Boyd Gibson seems more comfortable in praising the characters of others on the Radford staff than himself. His personal highlights revolve around stories about his Radford colleagues – the ‘great and interesting’ teachers, ancillary and ground staff – whom he warmly describes as ‘good quality, down-to-earth, nice, solid people’. Ever the team-player, Mr Gibson has never lost the buzz of working with the SOSE faculty and in fact is even effusive about faculty meetings after more than three decades of sitting in them. He also fondly remembers the ‘high vis’ P&F of the early years ‘when the stakes were a whole lot bigger’ due to the controversies surrounding the establishment of the college. He recalls Principal Jock Mackinnon having to pick up students from country areas who were being dropped off by bus drivers near the Lyneham tennis courts at the end of Ginninderra Drive ‘because the school was being black-banned by the teachers’ union’. With Jock and foundation staff members firmly in mind, he attests, ‘We had staff who really really believed in the place’.
When I asked Mr Gibson why he has stayed so long at the college, he explains, ‘I just love coming to work every day. I’ve always dodged and weaved aspects of the politics and going for promotional positions … because I loved going in and interacting with the kids in the classroom context. The way I see it, values are a little under strain with all the modern social media … but walking in the classroom today I still feel those traditional values are similar to how they were in the ‘80s’. At this point Mr Wardman chimes in: ‘I love transmitting powerful ideas and lighting that fire under students.

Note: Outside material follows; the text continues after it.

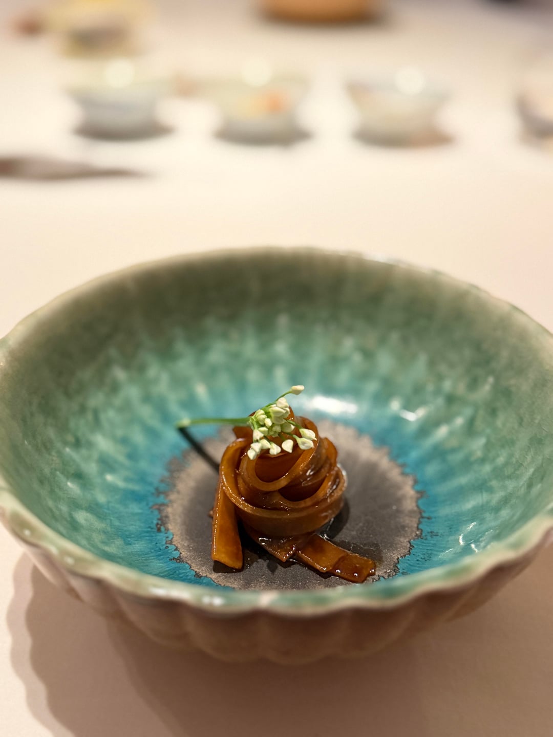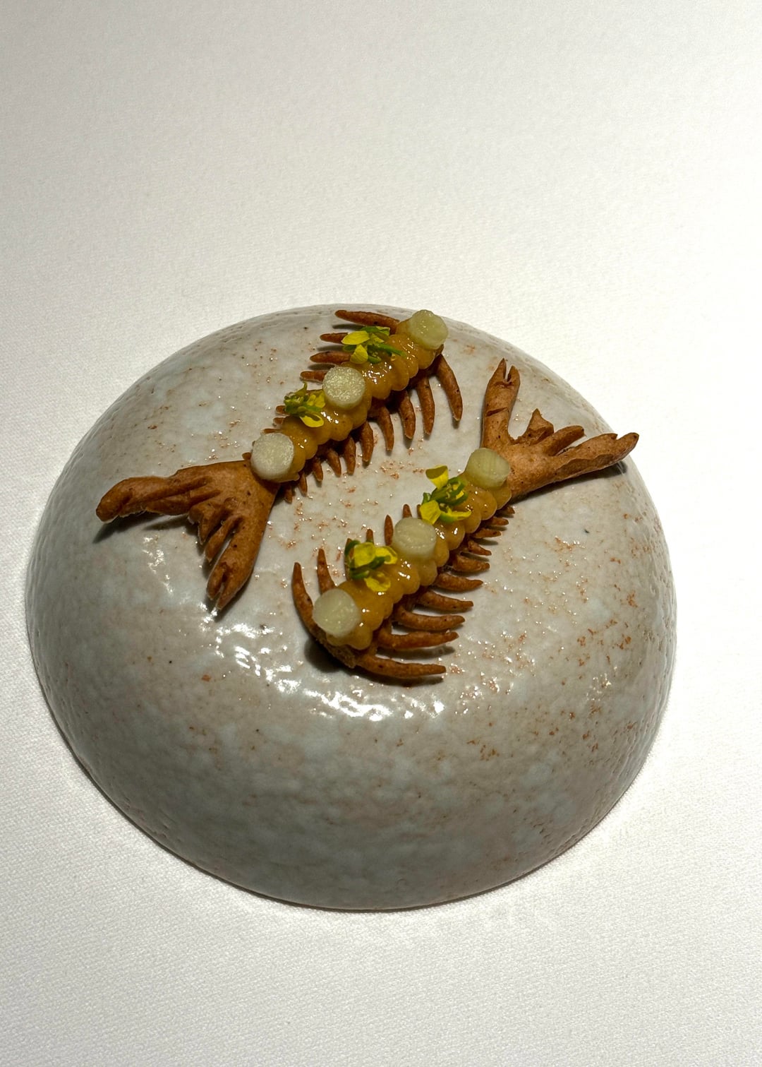 - A grilled squid dish made with SCOBY (from kombucha), which added a unique texture and tang, and
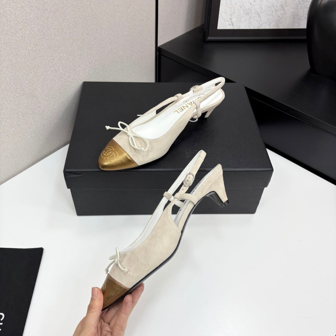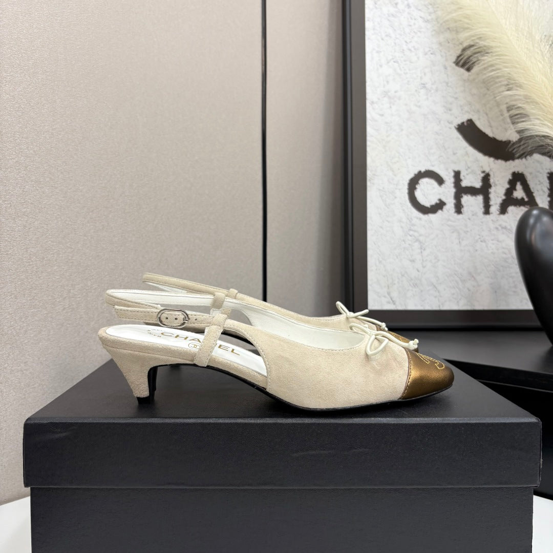 CC SLINGBACK 25S IN DUSTY BEIGE SUEDE AND GOLDEN BROWN LAMBSKIN WITH BOW

There is a love of learning here that is celebrated and is contagious’.
Not surprisingly, both men are fans of RF Delderfield’s 1972 classic, To Serve Them All My Days. In both of these mighty teachers’ careers, the title of that book perfectly and succinctly describes what it is they have selflessly strived to achieve while at Radford College these past 34 years. And the school, its students and its wider community – perhaps now a little too large to throw a blanket over – are all the richer for their unwavering, unreservedly loyal and resolute service.